DV-FSR: A Dual-View Target Attack Framework for Federated Sequential Recommendation
- URL: http://arxiv.org/abs/2409.07500v1
- Date: Tue, 10 Sep 2024 15:24:13 GMT
- Title: DV-FSR: A Dual-View Target Attack Framework for Federated Sequential Recommendation
- Authors: Qitao Qin, Yucong Luo, Mingyue Cheng, Qingyang Mao, Chenyi Lei,
- Abstract summary: Federated recommendation (FedRec) preserves user privacy by enabling decentralized training of personalized models, but this architecture is inherently vulnerable to adversarial attacks.
We propose a novel dualview attack framework, named DV-FSR, which combines a sampling-based explicit strategy with a contrastive learning-based implicit gradient strategy to orchestrate a coordinated attack.

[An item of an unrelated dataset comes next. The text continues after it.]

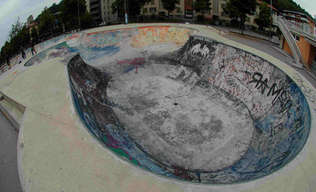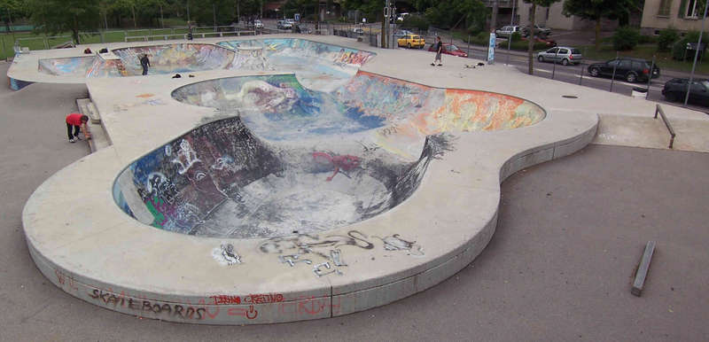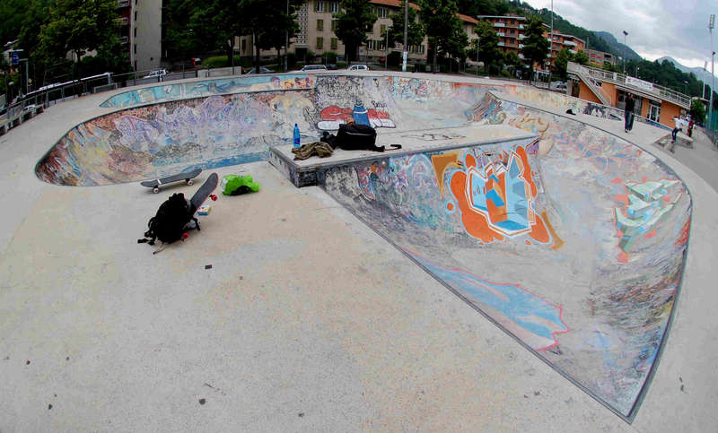 In Lugano, in der italienischen Schweiz gibt es seit ein paar Jährchen eine große Poollandschaft aus Beton, die auf Fotos zunächst mal richtig schön aussieht. Steht man dann vor Ort, sieht das Ganze plötzlich total verpfuscht aus und fährt sich auch so. Störend sind in erster Linie die flachen Transitions, die stellenweise fast schon Bank-Charakter haben. Insbesondere Im Deep-End sind die Übergänge noch dazu mit einem ordentlichen Knick versehen. Und dann wären da noch die beiden wobbelartigen Übergänge, über die man fahren muss, wenn man aus dem Snakerun in das Deep-End will. Die sind so steil, dass man da mit Vollgas unmöglich in einer direkten Linie drüber heizen kann, es sei dann man springt. So eine ähnliche Stelle gibt es auch in Annecy [F]. Auch sonst habe ich den leisen Verdacht, dass beide Parks von derselben Firma gebaut wurden.

- Score: 4.980393474423609
- License: http://arxiv.org/licenses/nonexclusive-distrib/1.0/
- Abstract: Federated recommendation (FedRec) preserves user privacy by enabling decentralized training of personalized models, but this architecture is inherently vulnerable to adversarial attacks. Significant research has been conducted on targeted attacks in FedRec systems, motivated by commercial and social influence considerations. However, much of this work has largely overlooked the differential robustness of recommendation models. Moreover, our empirical findings indicate that existing targeted attack methods achieve only limited effectiveness in Federated Sequential Recommendation (FSR) tasks. Driven by these observations, we focus on investigating targeted attacks in FSR and propose a novel dualview attack framework, named DV-FSR. This attack method uniquely combines a sampling-based explicit strategy with a contrastive learning-based implicit gradient strategy to orchestrate a coordinated attack. Additionally, we introduce a specific defense mechanism tailored for targeted attacks in FSR, aiming to evaluate the mitigation effects of the attack method we proposed. Extensive experiments validate the effectiveness of our proposed approach on representative sequential models.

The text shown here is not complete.